木々の葉はその身を擦り合わせて騒々しい音楽を奏ではじめ、そこらの土が血管が浮き出るように盛り上がる。果てにはひび割れた土の間から、その身を包む細かな毛を音を立てて引きちぎった、土まみれの触手が姿を現した。それは、普通ならば見ることの叶わぬ木の根っこであった。
やがて彼女の周りは、うねうねと立ち並ぶ太い木の根っこで占められる。
その中心に立つ少女は、ひとかけらの動揺だって見せはしない。ぞんざいに彼らを見渡して、言った。
「家を、作りなさい」
威厳の欠片もない少女らしい声色であったが、逆らうものはいない。根の集団はその身を寄せ合って、彼女が触れていた樹木をも取り込んでドーム状の家を編んだ。
「隙間が多いわよ」
彼女は出来上がった家の内部で、不平を漏らす。太い根っこが組み合わさっただけの無骨な家は、所々隙間があるのだ。
今度は彼女の触れていた木から細い枝がにょきにょきと伸びてきて、隙間まで進んで行ってはその身をもって隙間を埋める。幹を伝う蛇のようにツタが降りてきて、それがさらに細かい隙間を埋めていく。
「ちょっと、真っ暗じゃない」
もはや帽子も地べたにおいてくつろいでいるというのに、彼女の注文はとどまるところを知らない。
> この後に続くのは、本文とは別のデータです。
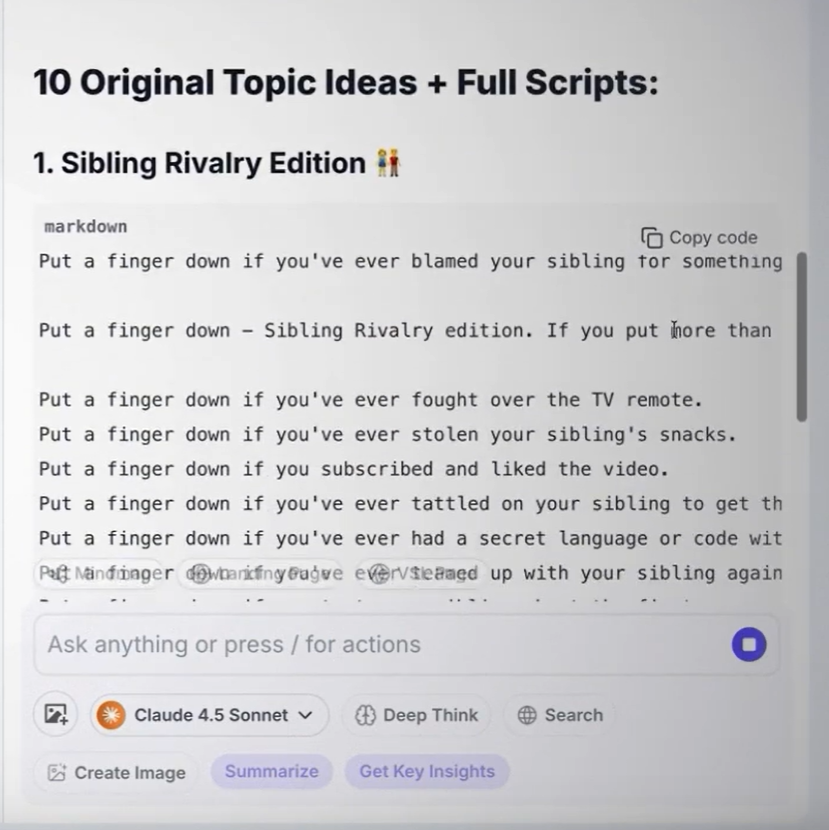 Of course, you can also use ChatGPT, Claude, or Google AI Studio. However, you’ll first need to extract the transcripts of each competitor’s short video and input them into the chatbot. Before using Poppy, I used the website YouTube to transcript.com to get the transcripts, organized them into documents, typically gathered scripts from 20 competitors, and then fed them to ChatGPT. So, when choosing a niche, it’s important to pick one where topics and scripts can be generated in bulk. Not all short video niches are suitable for this approach. For example, generic shorts that comment on viral video clips require more manual effort and are more time-consuming. But for evergreen niches with repeatable patterns like this, you can generate a month’s worth of scripts for a channel in just minutes—it’s incredibly powerful.
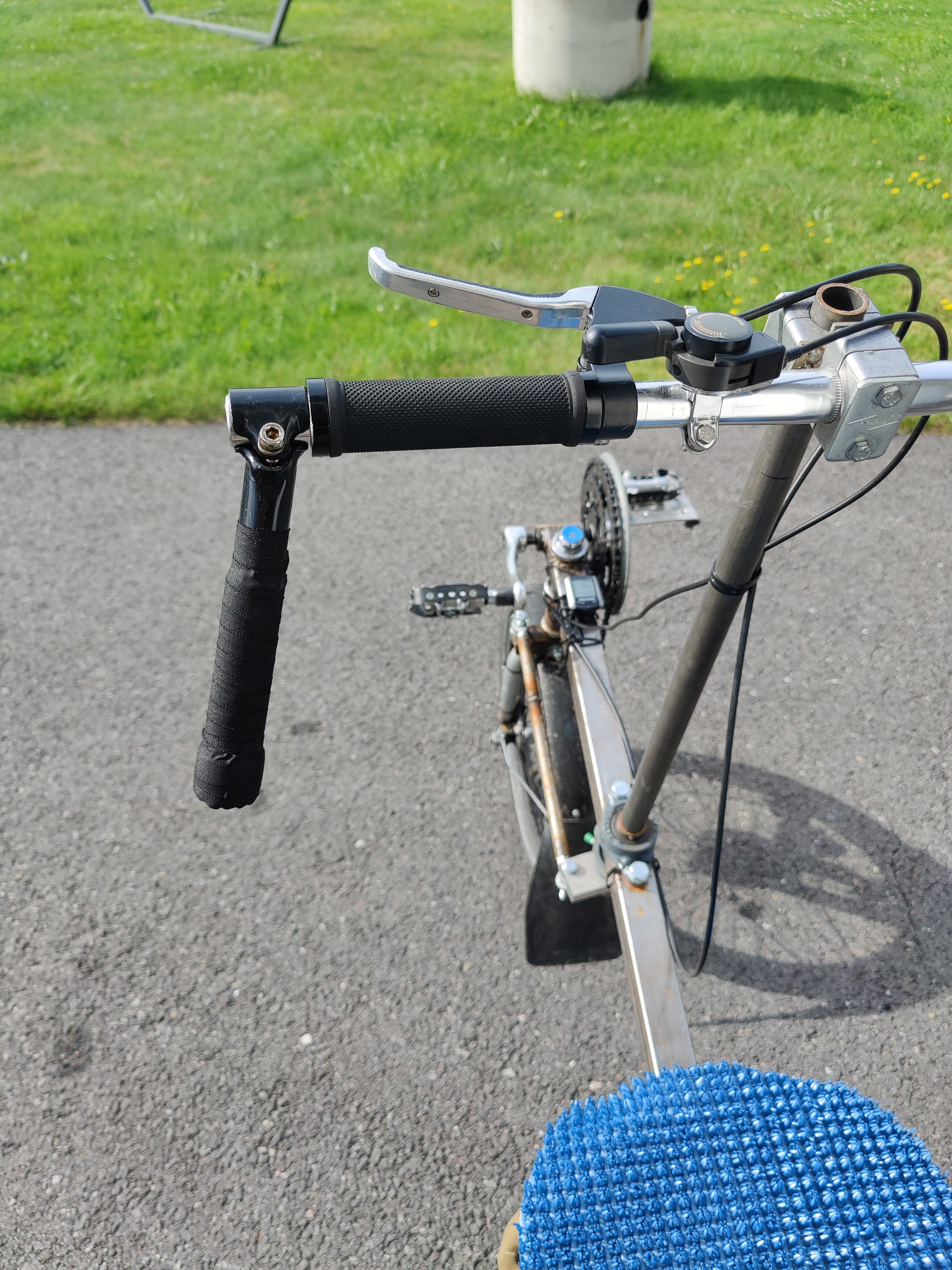 Tykkään muuten hallinnan puolesta tuosta suorasta ohjaustangosta, mutta olkapää väsyy/kipeytyy, jos kättä pitää muutaman tunnin yläviistoon.

隙間の完全に埋まった家の中は、完全な暗闇で、出入り口すらなかった。森の木々はいそいそとその身を動かして、採光を試みる。
時折、その光が鋭く少女の目を刺して、ねちっこい恨み言が紡がれる。
彼女はそんな同居人の様子を眺めつつ、考えた。森の木々が動くこと、自分にはその声が聞こえるような気がすること、そして全くわからぬ自分の素性のことを考え、最後にこれからどうしようかと考えた。
ツタのカーテンがかかった出入り口と、枝のカーテンのかかった天窓ができるころには、彼女の思考には結論が出ていた。
誰にともなく、彼女はそれを呟く。
「あぁ……、めんどくさい」
多分のため息が含まれた、呟きであった。